Leo DiCaprio is seen naked several times, always darkly and discreetly, with only two clear looks at his bum.

The Critics Vote ...

  • Super-panel consensus out of four stars: three and a quarter stars. James Berardinelli 3/4, Roger Ebert 4/4, BBC 4/5, Owen Gleiberman B.

The People Vote ...

  • Box Office Mojo. Production budget $110 million. Domestic gross $95 million. Overseas: $81 million. This has become Scorsese's top grosser.
The meaning of the IMDb score: 7.5 usually indicates a level of excellence equivalent to about three and a half stars from the critics. 6.0 usually indicates lukewarm watchability, comparable to approximately two and a half stars from the critics. The fives are generally not worthwhile unless they are really your kind of material, equivalent to about a two star rating from the critics, or a C- from our system. Films rated below five are generally awful even if you like that kind of film - this score is roughly equivalent to one and a half stars from the critics or a D on our scale. (Possibly even less, depending on just how far below five the rating is.
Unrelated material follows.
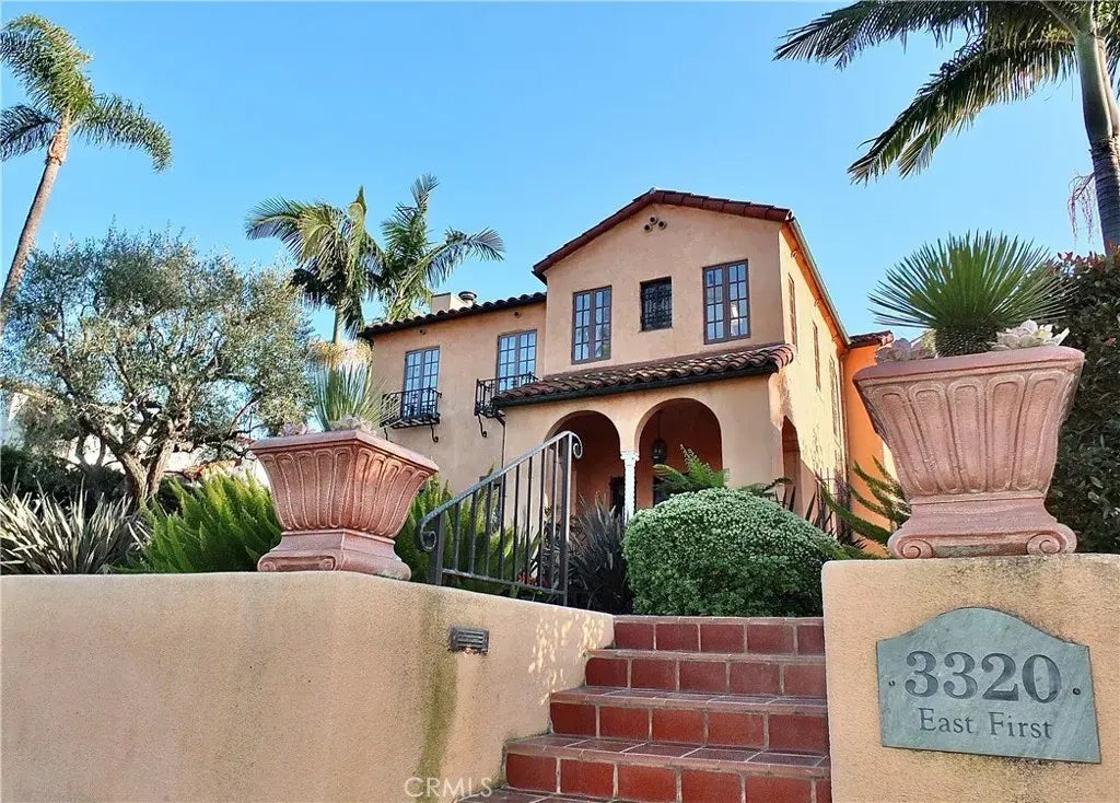 Welcome to this stunning, Mediterranean Moorish Beach Villa exuding an aura of romance, old world design flourishes and exquisite craftsmanship of the Spanish Revival architecture. This one of a kind home was designed by the iconic architect Joseph H. Roberts. Built in 1927, the approx 3,158 square foot property (inclusive of a casita) sits on a sprawling grassy knoll, blending historic charm with modern sensibilities and located just one block from the beach! The two story house (approx 2,598 square feet) boasts a warm and inviting living room, and an elegant dining room that opens onto a terrace for al dente dining and a spacious chefs kitchen. Each room reflects an array of Andalusian details bearing the hallmarks of the Spanish Revival architecture. Features include original hardwood floors, walnut doors, coved ceilings, double-crown moldings, archways, wrought iron grills and railing, custom built-ins, exquisite glazed Portuguese tiles, French doors and windows, and terracotta-tiled roofing. A dramatic staircase leads to three bedrooms including a primary retreat with ensuite bath and an adjacent sitting room and balcony access that overlooks the enchanting rear gardens. Two additional bedrooms and a tastefully remodeled bathroom make this home ideally suited for enjoying comfort and sanctuary.The gourmet kitchen includes a large central island, custom walnut cabinetry with granite counter tops, accented by glazed Portuguese tiles and rustic terracotta tiled flooring, stainless appliances and a SUB ZERO refrigerator. French doors open to a backyard oasis providing an o

My own guideline: A means the movie is so good it will appeal to you even if you hate the genre. B means the movie is not good enough to win you over if you hate the genre, but is good enough to do so if you have an open mind about this type of film. C means it will only appeal to genre addicts, and has no crossover appeal. (C+ means it has no crossover appeal, but will be considered excellent by genre fans, while C- indicates that it we found it to be a poor movie although genre addicts find it watchable). D means you'll hate it even if you like the genre. E means that you'll hate it even if you love the genre. F means that the film is not only unappealing across-the-board, but technically inept as well. Any film rated C- or better is recommended for fans of that type of film. Any film rated B- or better is recommended for just about anyone. We don't score films below C- that often, because we like movies and we think that most of them have at least a solid niche audience. Now that you know that, you should have serious reservations about any movie below C-.

Based on this description, this is a C+. A brilliant training film for aspiring filmmakers and a made-for-critics epic. Hey, Scorsese, the rest of us are still waiting for our turn.